#### WORK INSTRUCTION
Word for word, retype the lines from the one containing "이렇게 input이 들어" to the one containing "Create a natural-looking" below, keeping both end lines and dropping the pictures.

#### SUPPLIED DATA
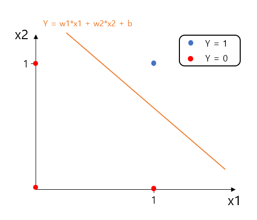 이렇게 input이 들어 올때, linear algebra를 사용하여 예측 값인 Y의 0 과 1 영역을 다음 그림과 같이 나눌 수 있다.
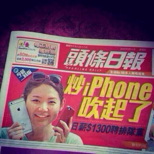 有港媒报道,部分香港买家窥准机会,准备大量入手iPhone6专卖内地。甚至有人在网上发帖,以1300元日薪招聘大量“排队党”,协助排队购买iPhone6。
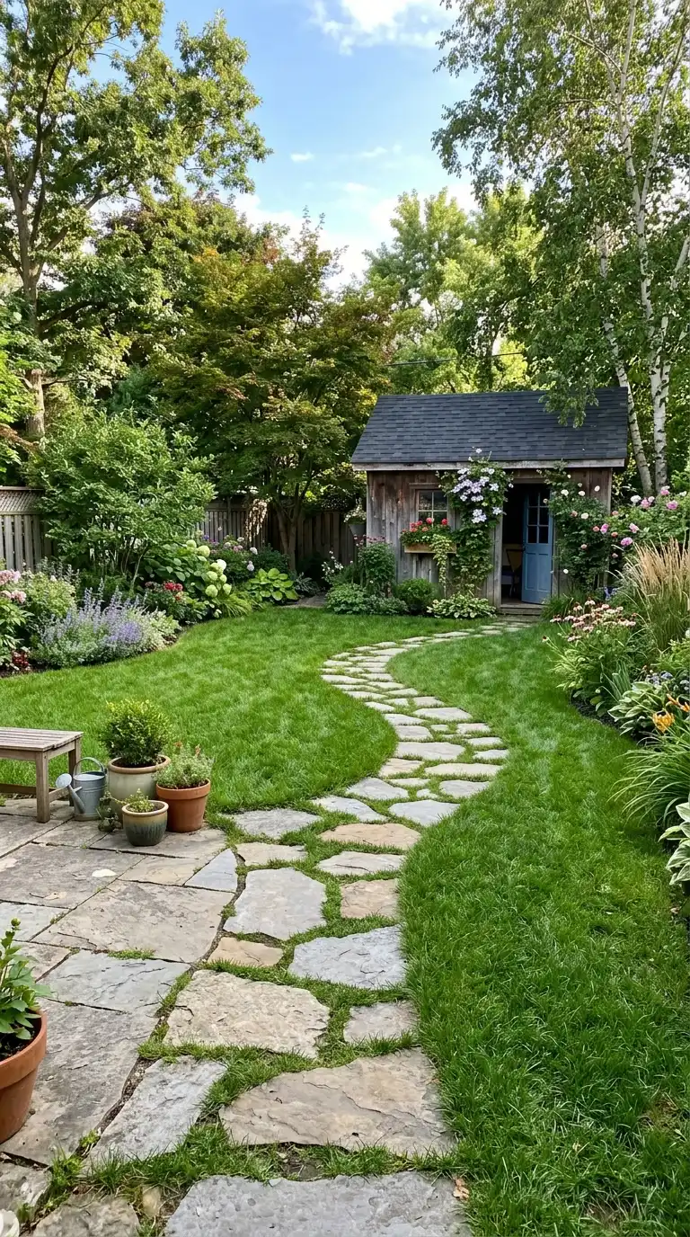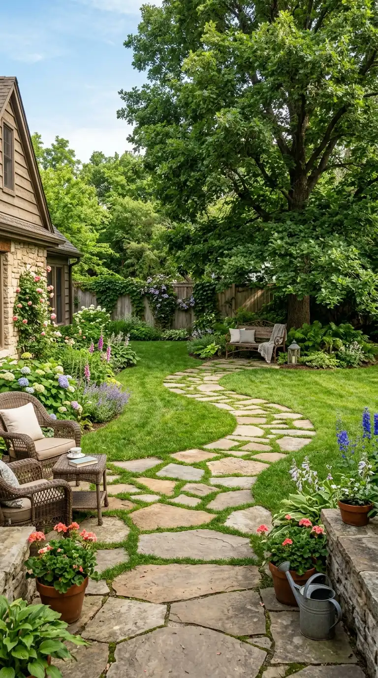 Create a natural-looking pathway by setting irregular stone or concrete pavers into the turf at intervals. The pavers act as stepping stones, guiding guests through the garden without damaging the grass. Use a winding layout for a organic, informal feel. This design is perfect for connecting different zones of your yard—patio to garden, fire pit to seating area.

==

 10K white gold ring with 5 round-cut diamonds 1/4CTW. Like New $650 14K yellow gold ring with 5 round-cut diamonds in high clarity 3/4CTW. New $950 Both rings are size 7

#### EXERCISE RESULT
 이렇게 input이 들어 올때, linear algebra를 사용하여 예측 값인 Y의 0 과 1 영역을 다음 그림과 같이 나눌 수 있다.
 有港媒报道,部分香港买家窥准机会,准备大量入手iPhone6专卖内地。甚至有人在网上发帖,以1300元日薪招聘大量“排队党”,协助排队购买iPhone6。
 Create a natural-looking pathway by setting irregular stone or concrete pavers into the turf at intervals. The pavers act as stepping stones, guiding guests through the garden without damaging the grass. Use a winding layout for a organic, informal feel. This design is perfect for connecting different zones of your yard—patio to garden, fire pit to seating area.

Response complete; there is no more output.